▶ **What you need to do**:
Write out each line of the material exactly as given, and drop the images.
(Beginning of Input data)
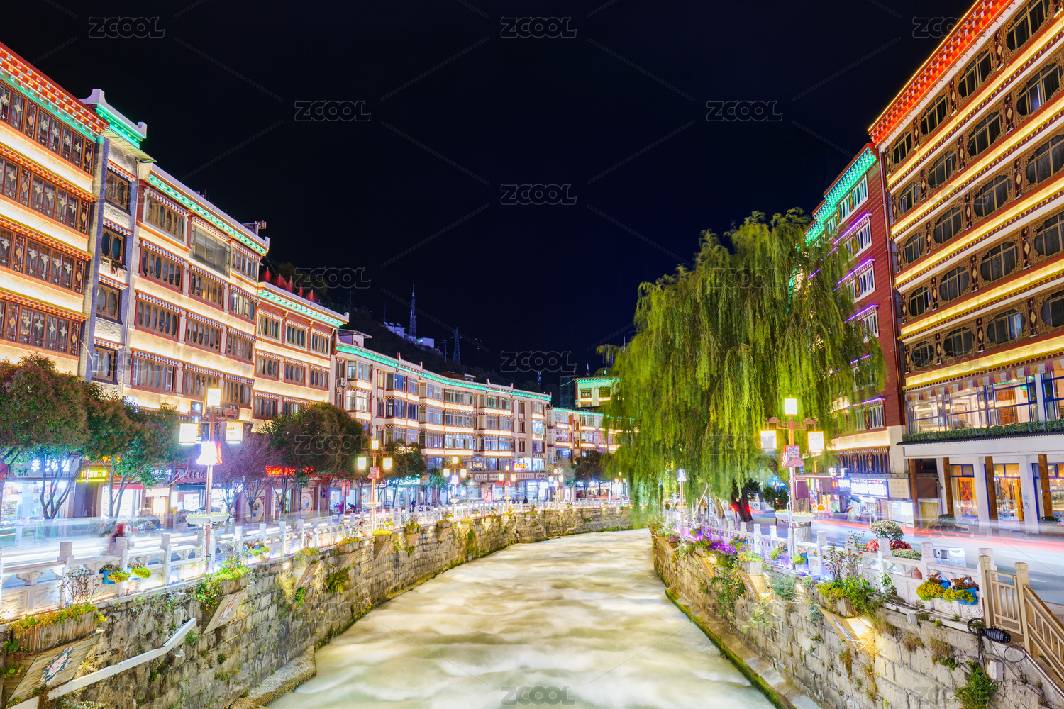 中国湖南湘西凤凰古城沱江两岸漂亮的夜景风光
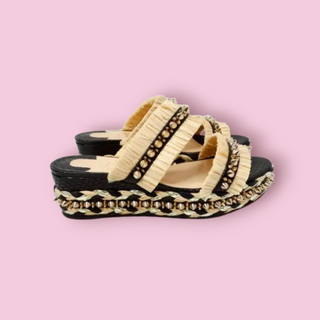 CHRISTIAN LOUBOUTIN - 'VOLTINOUDOU' Raffia Studded Platform Wedge Sandals RRP $1395
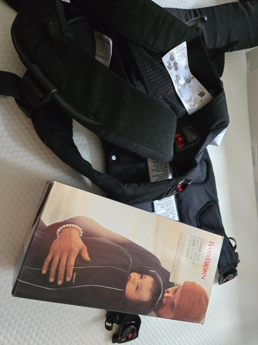 Selling a BabyBjorn One baby carrier in black! Babybjorn very good condition comes with add ons cover and changeable bibs. Never opened the box had 3 carriers so this is fairly new.
(End of Input data)
▶ **Answer to the exercise**:
 中国湖南湘西凤凰古城沱江两岸漂亮的夜景风光
 CHRISTIAN LOUBOUTIN - 'VOLTINOUDOU' Raffia Studded Platform Wedge Sandals RRP $1395
 Selling a BabyBjorn One baby carrier in black! Babybjorn very good condition comes with add ons cover and changeable bibs. Never opened the box had 3 carriers so this is fairly new.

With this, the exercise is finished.